The Italian wine scene is fascinating and paradoxical. Or fascinating because it's paradoxical. Tradition and innovation, "natural" and technological, the devotion to native terroir and the drive to carve out global markets -- these dynamic tensions are at the heart of both Italy's amazing comeback after the deadly methanol scandal of 1986 and the Italian wine sector's on-going war with itself.
Marco Caprai himself embodies these paradoxes. The entrepreneurial son of an entrepreneurial father -- Arnaldo Caprai is a respected textile manufacturer, the king of lace in Italy -- Marco took over the family's wine business in 1988. And proceeded to transform it.
"After the methanol scandal, we had a wine revolution," he said last week. "We had to. Otherwise we wouldn't survive." Like so many of Italy's younger generation of vineyard owners and winemakers, Marco embraced the post-methanol movement toward higher quality and the importance of the clear provenance of wine, re-emphasizing locality as a major component of trust. As domestic consumption declined after the scandal, it was obvious to him that export markets were essential for the financial well-being of the firm and all the people who depended on its production for a living.

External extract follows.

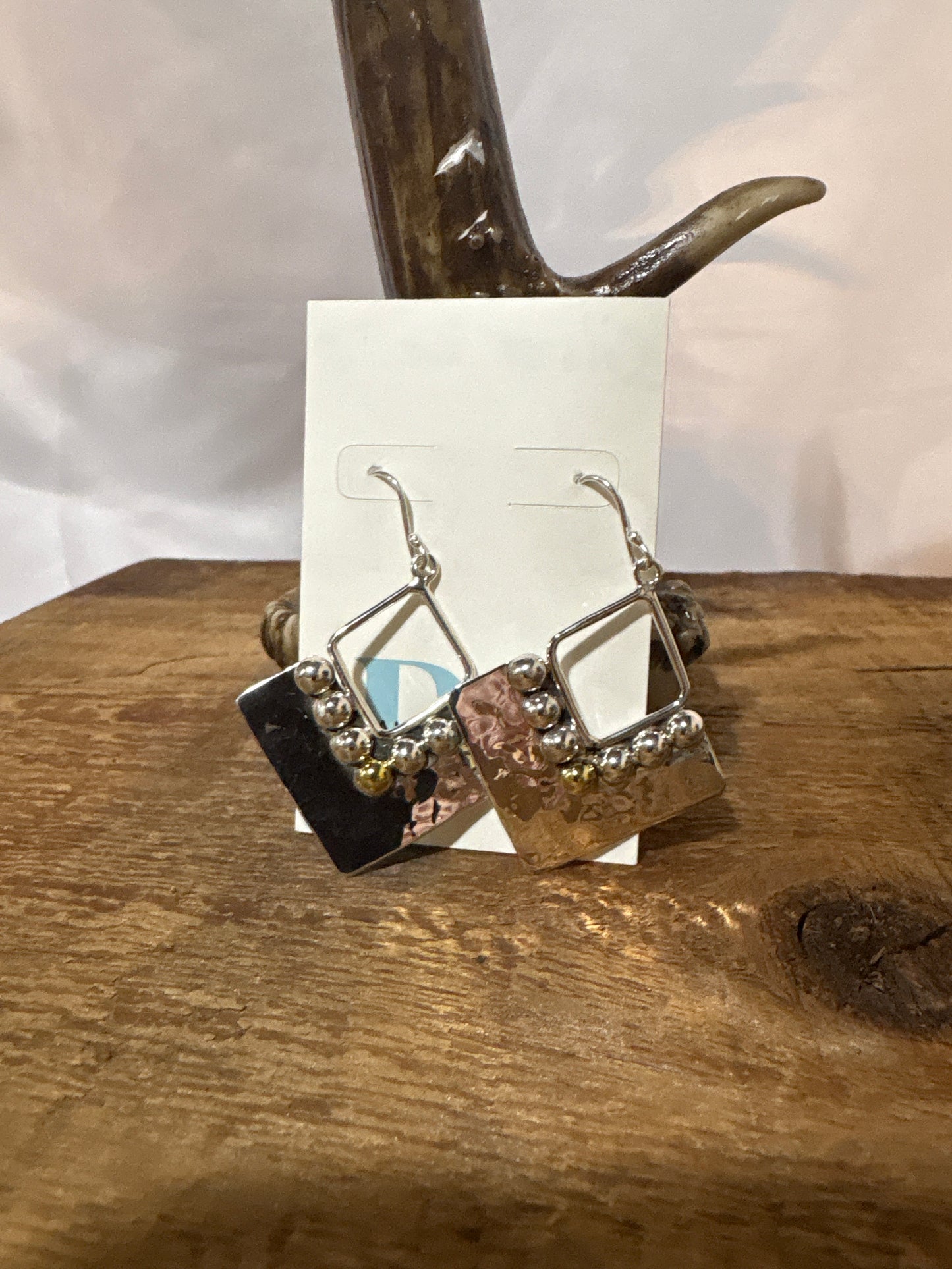 P Diamond Open hammered triangle with gold and silver balls earrings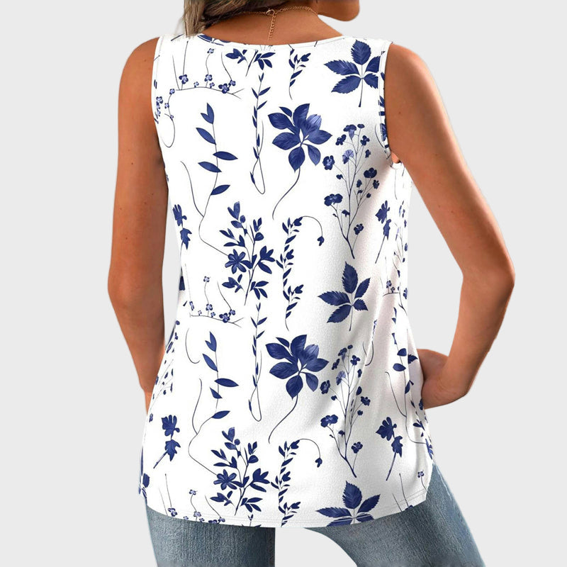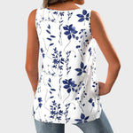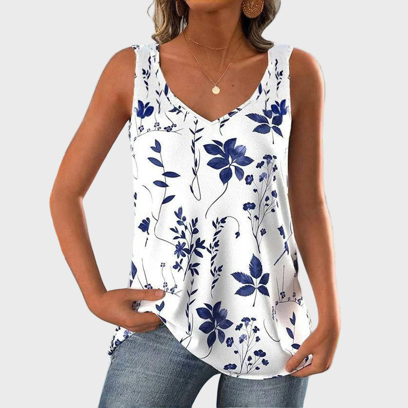 Uživajte u svježini ljeta s ovom majicom bez rukava na bijeloj podlozi, ukrašenom plavim cvjetnim uzorcima. Njegova ležerna silueta pruža udobnost i slobodu pokreta, dok V-izrez dodaje ženstvenost i eleganciju. Idealna je za svakodnevne i ljetne kombinacije.

This element of social responsibility was a natural outgrowth of the tight local bonds that Caprai had with the local community, especially in his hometown of Foligno. (These bonds transcend oceans; his New York haunt is Il Buco, where his boyhood pal, Roberto Paris, is sommelier. The restaurant is owned by another Umbrian friend.)
This thinking also shaped his commitment to explore what would best express the territory and provide a distinctive market advantage. As has been done by other deeply-rooted winemakers around the country, like Mustilli with Falanghina in Campania and Albino Armani with casetta in Trentino, Caprai zeroed in on an obscure local grape -- in this case the Sagrantino -- and crafted powerful red wines that changed the oenological landscape in Umbria, previously best known for its rather pallid whites.
Il Buco, NoHo, New York
Perhaps more to the point, he gave the family firm a solid identity with the top-of-the-line Sagrantino 25 Anni, awarded Gambero Rosso's Tre Bicchieri time and again, then consolidated it by evangelizing incessantly in the US and other markets.
But as they love to say in Italy, “Non c’è rosa senza spina.” No rose is without its thorn.
Italy is a country of 60 million people. Sometimes, though, it feels like Ireland. Small, quarrelsome and jealous. Entrepreneurs are all about taking risks and reinventing things, which the Italians have been good at for centuries. It's revealing, though, that Italian doesn't have a word expressing the positive aspects of this -- no equivalent of "go-getter."
"Wheeler-dealer", yes (intrallazzatore); a pejorative always in both languages. This is, I suppose, the down side of a strong communal culture, which social critics are always lamenting is absent in America.
<--Not a go-getter
To someone observing from the other side of the Atlantic, the clashes over tradition and innovation, of technology and definitions of "naturalness," seem petty and not a little disingenuous. There are camps where only local or "autochthonous" grapes are tolerated, despite (because of?) the success of international varieties and blends in several regions of the country. This is a logical development of the desire for authenticity in the wake of the 1986 scandal; I applaud the resurrection of grapes that were headed for oblivion. But I also admire many a Cabernet Sauvignon and Pinot Noir made in Italy. Some people are extremely dogmatic about this. Certainly Marco Caprai would be in their good graces for his rescue of Sagrantino and use of other local varieties like Grechetto.
Then there was the announcement last year that Caprai was working with Milan University to develop a white Sagrantino. I was intrigued by the research collaboration, guessing (correctly, as Marco told me) that it was unusual in Italy. "Actually," he said, "we work with three universities on different projects." Interesting, too, was the largely negative reaction to the white Sagrantino. Once again the division between the "why-nots" and the traditional "of-course-nots" was sharp. It makes sense from a market point of view -- consider the character of the whites in Umbria -- especially if you want to leverage your flagship product. It's a line extension, not an assault on a higher truth.
But then there are many who just as dogmatically oppose the use of small oak (barriques) to impart what is supposed to be a "Parkerish," international (read: American) smoothness to the wine. And as many who are dismissive of big, concentrated wines in the same style. These objections often have a political subtext, I think. A foolish conflation.
Barriques and concentration are hallmarks of Caprai's Sagrantinos, both the Collepiano and the 25 Anni lines. Marco Caprai's wines are big and luscious, but they evolve beautifully in the glass and finish long and subtle with fruit and herbal notes. They taste alive and specific to their time and place. Despite (because of?) the Caprais' constant investments in new equipment and adoption of modern techniques, Marco and his team have created beautiful wines of strong character. They brought Sagrantino into the modern world and made a success out of it.
I dislike hyperoaked wines that are all up-front pow! and a fading finish. I tasted more than my share of those last week at the Puck Building, including some with very big names and very big prices. But I also know good stuff when I taste it, even if it does spend time in barriques.